» **What the task asks**: Retype, word for word, the line holding "[이데일리 김태형 기자]" and each line after it down to the end of the data; pictures are not copied.

» **Provided data**:
________________

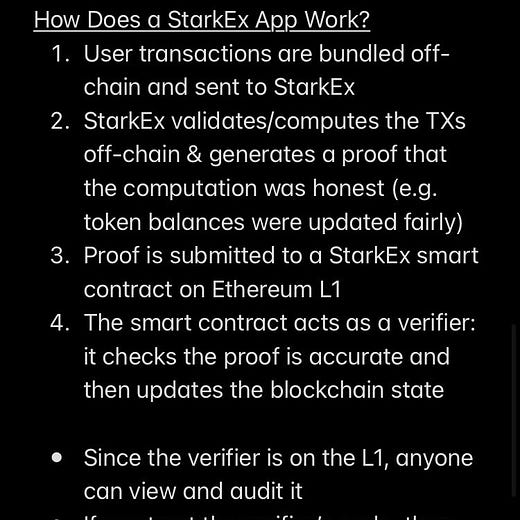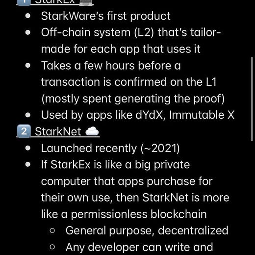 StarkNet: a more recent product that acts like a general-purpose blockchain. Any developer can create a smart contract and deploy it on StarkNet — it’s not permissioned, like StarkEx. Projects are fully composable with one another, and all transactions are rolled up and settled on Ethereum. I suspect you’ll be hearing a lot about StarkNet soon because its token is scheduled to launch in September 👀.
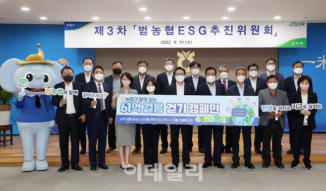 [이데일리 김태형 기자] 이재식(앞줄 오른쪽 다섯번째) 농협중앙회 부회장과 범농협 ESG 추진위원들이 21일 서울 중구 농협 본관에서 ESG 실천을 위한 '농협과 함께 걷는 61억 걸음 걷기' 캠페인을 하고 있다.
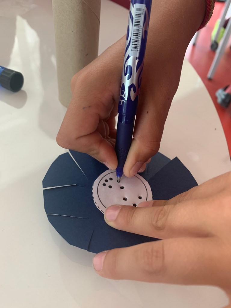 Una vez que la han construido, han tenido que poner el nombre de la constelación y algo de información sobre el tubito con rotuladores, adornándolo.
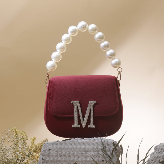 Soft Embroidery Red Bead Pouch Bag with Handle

________________

» **Answer to this exercise**:
 [이데일리 김태형 기자] 이재식(앞줄 오른쪽 다섯번째) 농협중앙회 부회장과 범농협 ESG 추진위원들이 21일 서울 중구 농협 본관에서 ESG 실천을 위한 '농협과 함께 걷는 61억 걸음 걷기' 캠페인을 하고 있다.
 Una vez que la han construido, han tenido que poner el nombre de la constelación y algo de información sobre el tubito con rotuladores, adornándolo.
 Soft Embroidery Red Bead Pouch Bag with Handle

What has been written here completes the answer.